Connections to oil and gas
The high-powered international law firm Gibson, Dunn & Crutcher represented the Brackeens for free. It has also represented Chevron, various major casino interests and other interests that in many cases are antithetical to some tribal ones.
The case was never just about Native children being removed, Charley said. It was ultimately an attempt to disrupt the relationship between Indigenous people and the land, to prime it for extraction and development.
New Mexico is one of the leading oil and gas producing states in the country, Charley said.
Charley said those attorneys’ stake in the argument around Native children’s welfare is “if you find a mechanism to remove Indian people from the community which is ultimately from their land, you thereby create a system where they don’t have access to the land and the community.”
And the stake of the oil and gas industry, she said, is to “perpetuate extractive industries’ practices, and to build systems to remove Indigenous people from their land.”
“These tactics will continue to come,” Charley said. “We need to remain vigilant as oil and gas continues to attack our communities, attack our sovereignty.”
States codifying protections found in ICWA
The Supreme Court also found, Hirsch said, that the federal government can require states to act under their own laws in a way that conforms to a federal mandate, primarily having to do with children and families who are going to or have been placed in preventive and rehabilitative services.
Even though Brackeen is a resounding victory for the strength of ICWA, there is still great importance in states implementing their own laws that can go beyond its minimum standards, Racehorse said.
Most state laws, regulations and agreements with tribes were already put in place by one state or another prior to Brackeen being litigated, Hirsch said. Oklahoma was the first state to pass a state law based on ICWA in the 1970s, Hirsch said.
As a direct result of Brackeen, anticipating a different outcome and hoping to mitigate the consequences, Wyoming, North Dakota, and Montana have adopted similar laws.
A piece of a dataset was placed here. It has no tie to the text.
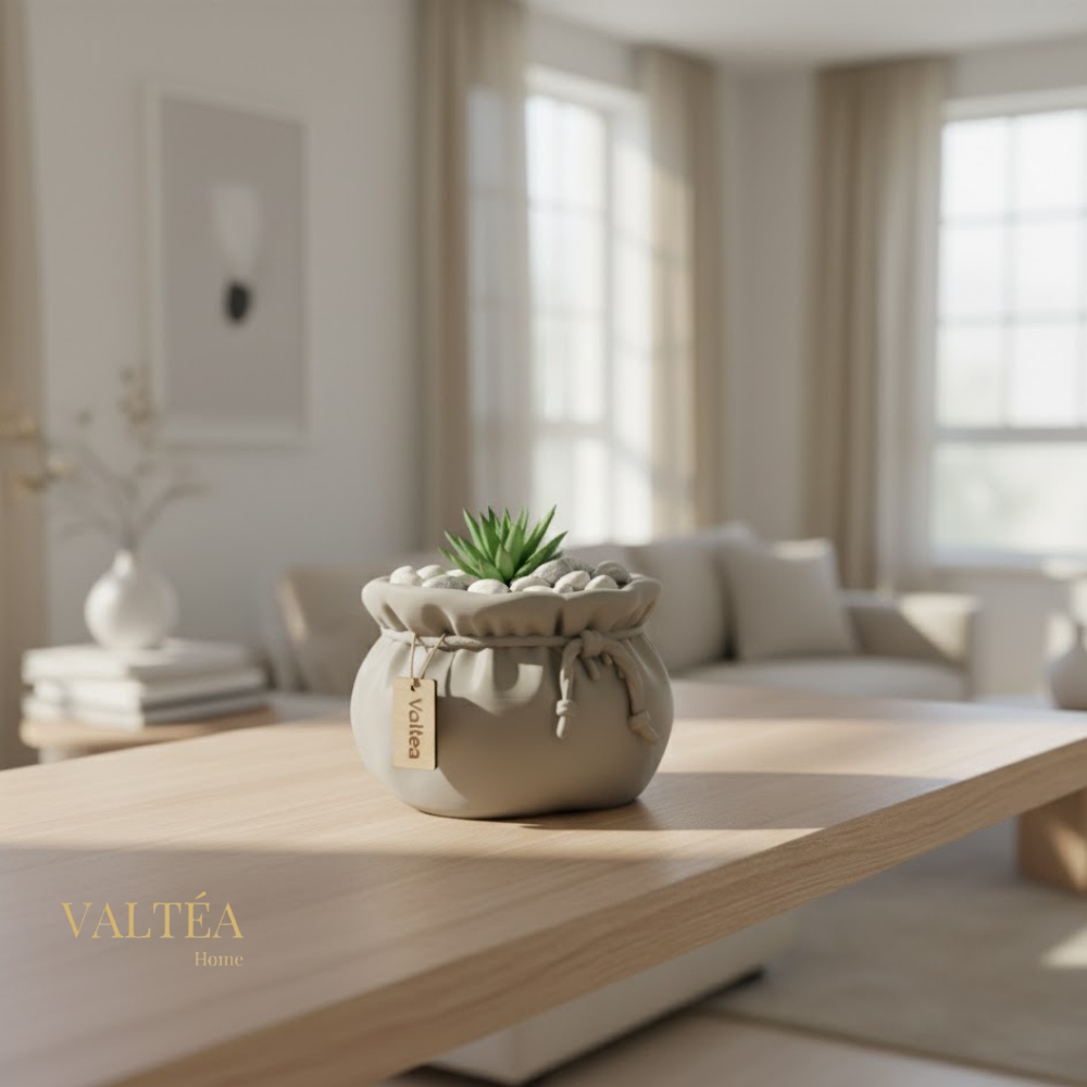 Bu ürün 3D yazıcı ile plastikten üretilmiştir. El yapımı görünümüyle dikkat çeker ve torba biçimindeki tasarımıyla dekoratif bir dokunuş sağlar. Bitkiler, kalemlik veya dekoratif obje olarak kullanılabilir.

Maine is expected to adopt one next week, Hirsch said.
“There’s a lot of good law out there,” he said.
As Brackeen was making its way through the courts, the Coalition to Stop Violence Against Native Women was working in 2020 alongside Bold Futures New Mexico, the New Mexico ICWA Consortium, and the CYFD Office of Tribal Affairs to draft a state law modeled after ICWA, called the Indian Family Protection Act.
New Mexico in 2022 enacted IFPA with input from tribal child welfare workers and tribal leaders “in order to better fit our needs as tribes and as tribal communities,” said Ryder Jiron (Isleta), policy and communications coordinator at the Coalition.
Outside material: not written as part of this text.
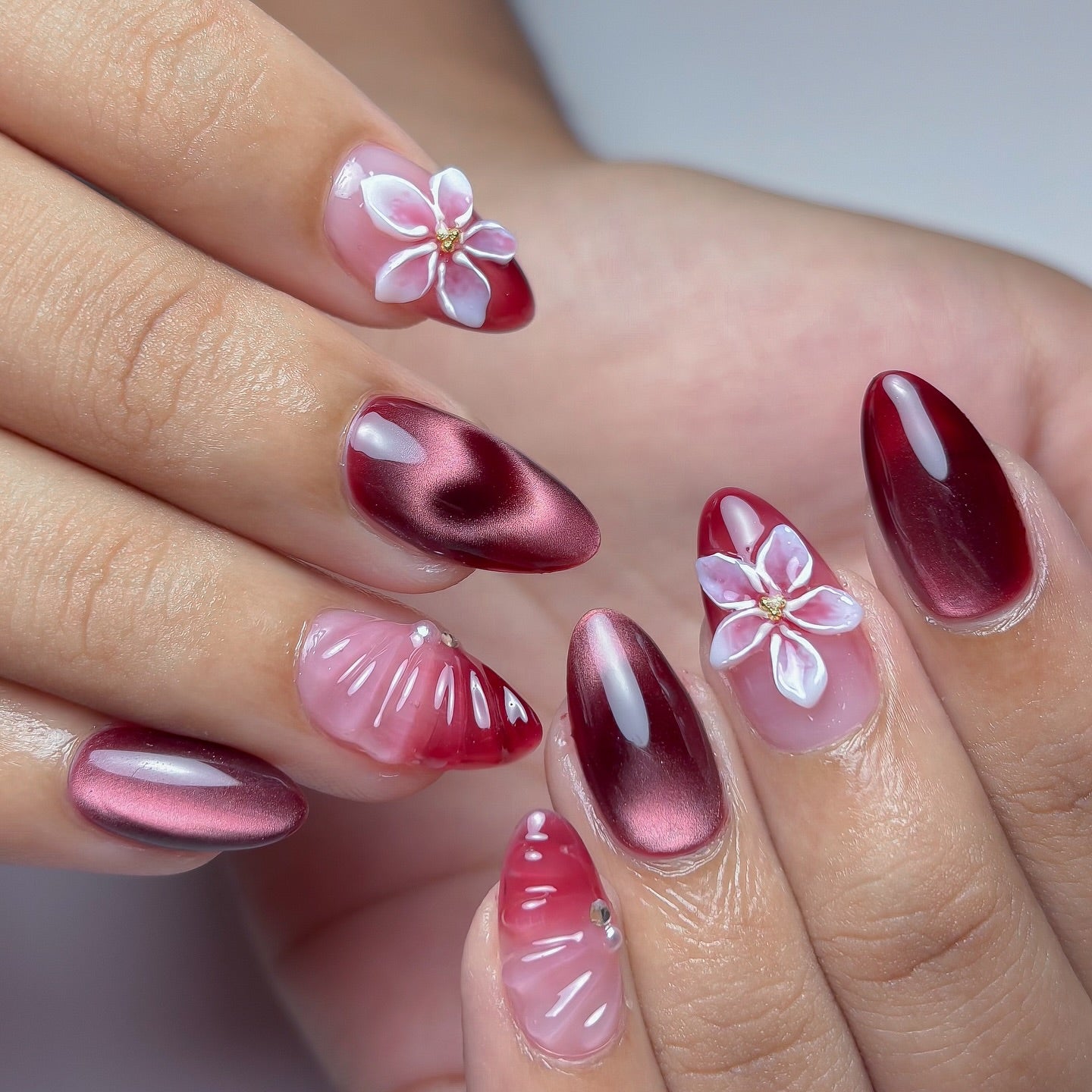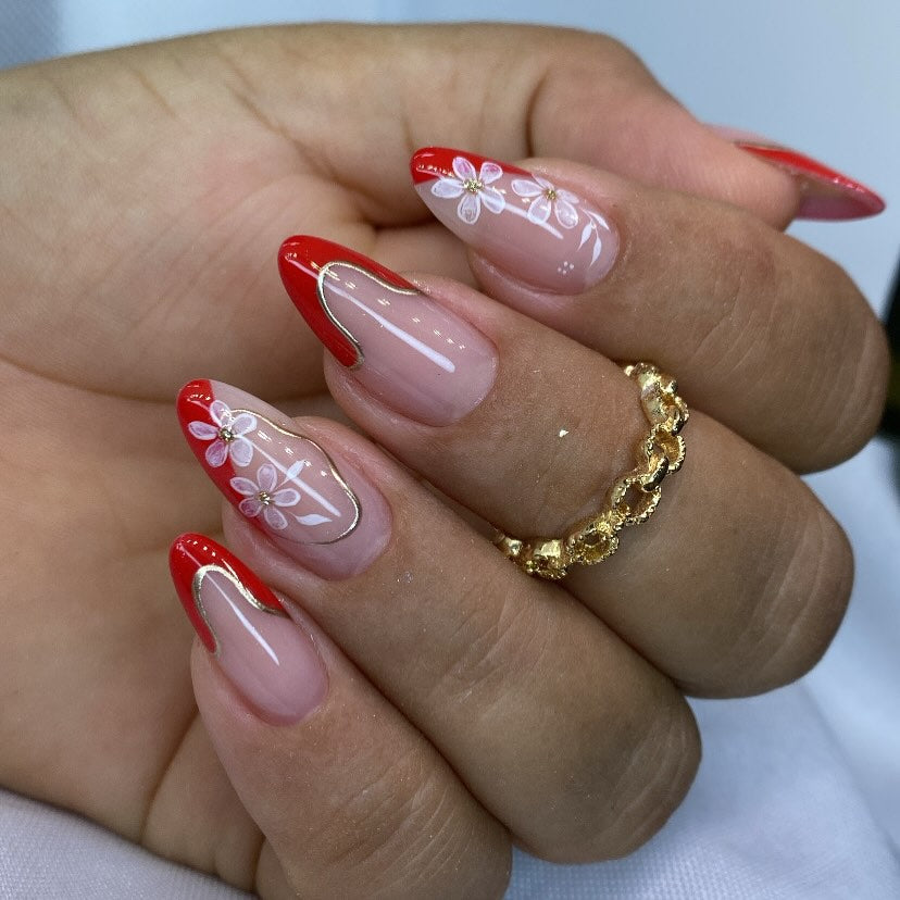 Handmade 3D Floral French Press-On Nails – Pointed Shape

For example, New Mexico’s IFPA requires the state to give tribes notice within 24 hours of initiating an investigation that involves a Native child.
In contrast, ICWA requires notice after removal has occurred, when a court knows or has reason to know that the child involved in an involuntary foster care placement or termination of parental rights proceedings is a Native child, Racehorse said.
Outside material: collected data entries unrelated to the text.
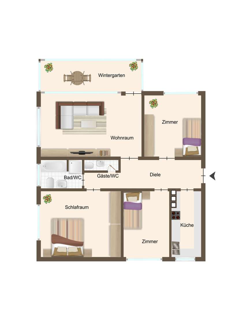 In a quiet yet conveniently located residential area of Bad Godesberg, this charming 4-room apartment on the 1st floor of a well-kept apartment building from 1963 awaits you. With a living area of approx. 120 m², the apartment offers plenty of space for individual design and comfort. It is located in a building with a total of seven residential units and impresses with its well thought-out room layout and modern details. The apartment comprises a spacious living room, two children's bedrooms and a master bedroom with a practical built-in wardrobe. A heated conservatory extends the living area and creates an additional highlight that can be used in both summer and winter. The kitchen, hallway, daylight bathroom and a separate guest WC complete the space on offer. The bathroom is equipped with a bathtub and a shower cubicle, offering maximum comfort for all residents. The apartment has been rented out reliably since 2016, which underlines the stability and sustainability of the property. Other plus points include the lockable garage, which is permanently assigned to the residential unit. This not only offers a secure parking space for your vehicle, but also additional storage space. The communal garden offers residents a green oasis and invites them to relax or play outside. The apartment is in a well-kept condition, which is not only due to the regular maintenance, but also to the modernizations that have been carried out. In 2016, the old lead pipes were replaced, the entire hallway was tiled to a high standard and the apartment entrance door was replaced. In 2022, the old oil heating system was replaced with a modern gas central heating system, resulting in improved energy efficiency. In addition, interior insulation measures were carried out in 2023 to close the cold bridges, and insulation of the radiator niches is also planned for this year. The apartment is equipped with double-glazed windows and roller shutters, which ensure good sound insulation and high energy efficiency. High-quality parquet flooring has been laid in the living rooms and bedrooms, while tiles adorn the hallway, sanitary facilities and conservatory. A dry cellar room with electricity connection offers additional storage space. A washing machine connection is located in the kitchen, and a laundry room is also available to the community. This well-designed apartment in a well-kept apartment building offers a pleasant living experience and a reliable rental history. See the benefits of this property for yourself and arrange a viewing today! **An energy certificate is being processed and will be available upon viewing.
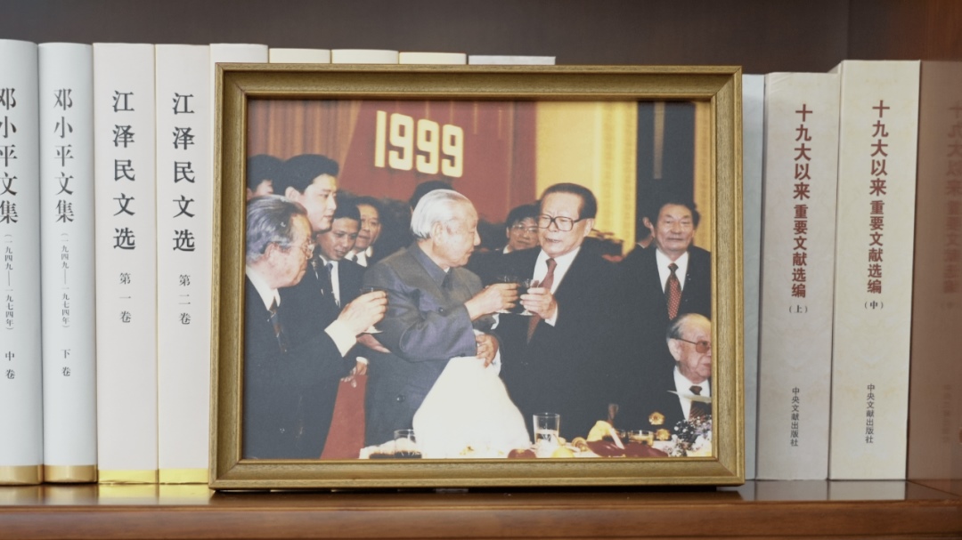 書架上擺放著一張合影。這是1999年9月30日,江澤民同志、朱镕基同志、習(xí)仲勛同志在慶祝建國五十周年招待會上。這張照片第一次出現(xiàn)在習(xí)近平總書記的書架上。
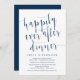 Det här är ett redigerbart modernt marinblått manus, bröllops inbjudningskort (lyckligt för evigt middag). Ett perfekt kort för att inbjuda din älskade familj och gäster till tillkännagivandet av er vigsel, mottagning och fest. Lägg till era fester i matchande typsnitt / bokstäver. #TeeshaDerrick

This notice requirement is a crucial piece to a tribe’s involvement in a case as early as possible, and improper notice is one of the most frequently litigated issues in ICWA cases, she said.
IFPA also has provisions about responsiveness training and cultural compacts that outline how Native children can continue to engage with their culture if they are not placed for adoption or guardianship with a member of their tribe.
Both of these go beyond ICWA’s requirements and appear tailored to promote education around the law, Racehorse said, with the aim of increasing compliance, and strengthening Native children’s connection to their culture.
“What went into the Indian Family Protection Act was love, and care, and intention for generations to come,” Charley said.